- _Exercise directions_: For the records that follow, please set down exactly the lines between the one holding "- If the game" and the one holding "鞋身整体采用红色打造,细节处点缀黑色,将球衣配色完美呈现。", inclusive, and only those.

- _Input data_:
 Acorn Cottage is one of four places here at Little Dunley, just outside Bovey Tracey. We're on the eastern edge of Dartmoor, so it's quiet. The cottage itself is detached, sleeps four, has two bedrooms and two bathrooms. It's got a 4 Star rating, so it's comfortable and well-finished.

---

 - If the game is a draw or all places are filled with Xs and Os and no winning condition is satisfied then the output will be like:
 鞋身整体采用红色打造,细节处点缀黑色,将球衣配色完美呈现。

* * *

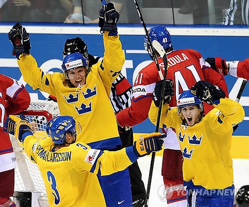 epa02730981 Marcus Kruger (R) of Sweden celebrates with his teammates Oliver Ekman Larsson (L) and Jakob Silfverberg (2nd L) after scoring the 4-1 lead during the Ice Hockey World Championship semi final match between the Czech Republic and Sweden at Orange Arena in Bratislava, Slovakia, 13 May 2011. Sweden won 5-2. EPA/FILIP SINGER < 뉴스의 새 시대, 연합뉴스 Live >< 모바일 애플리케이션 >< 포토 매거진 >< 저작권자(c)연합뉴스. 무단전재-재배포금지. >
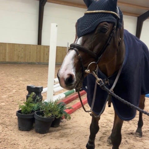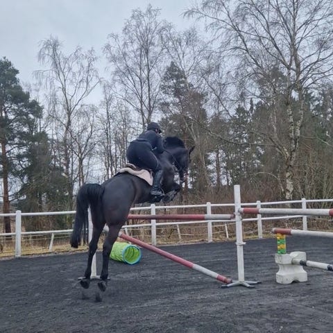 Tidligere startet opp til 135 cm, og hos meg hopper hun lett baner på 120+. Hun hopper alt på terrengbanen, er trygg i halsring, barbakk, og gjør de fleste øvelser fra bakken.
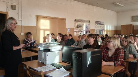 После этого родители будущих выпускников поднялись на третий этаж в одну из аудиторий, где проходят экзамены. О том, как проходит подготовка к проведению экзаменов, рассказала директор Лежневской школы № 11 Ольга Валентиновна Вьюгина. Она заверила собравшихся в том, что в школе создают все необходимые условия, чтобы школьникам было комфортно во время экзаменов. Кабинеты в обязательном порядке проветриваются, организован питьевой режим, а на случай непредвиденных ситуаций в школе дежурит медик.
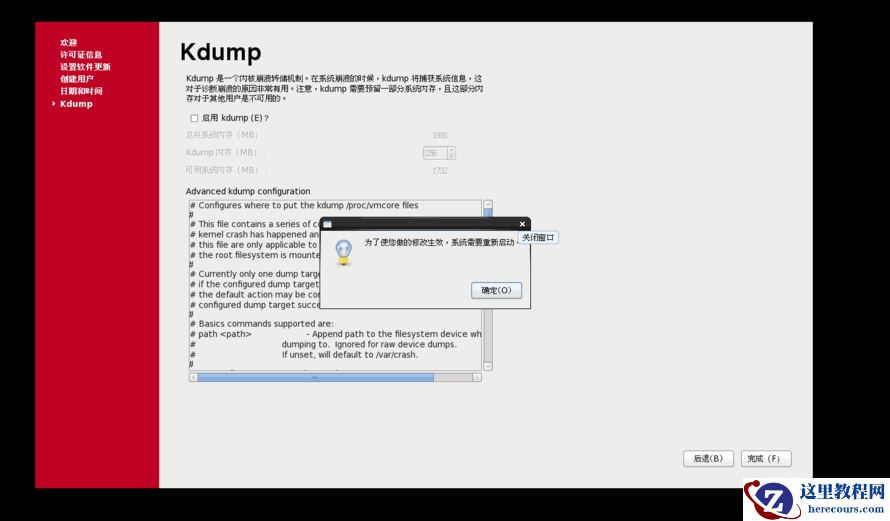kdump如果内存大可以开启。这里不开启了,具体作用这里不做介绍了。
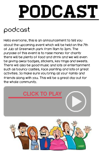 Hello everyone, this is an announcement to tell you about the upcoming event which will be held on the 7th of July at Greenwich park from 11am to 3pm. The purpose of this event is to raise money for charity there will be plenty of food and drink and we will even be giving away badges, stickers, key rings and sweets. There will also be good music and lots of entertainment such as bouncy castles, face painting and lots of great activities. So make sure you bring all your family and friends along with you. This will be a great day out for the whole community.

- _Written answer_:
 - If the game is a draw or all places are filled with Xs and Os and no winning condition is satisfied then the output will be like:
 鞋身整体采用红色打造,细节处点缀黑色,将球衣配色完美呈现。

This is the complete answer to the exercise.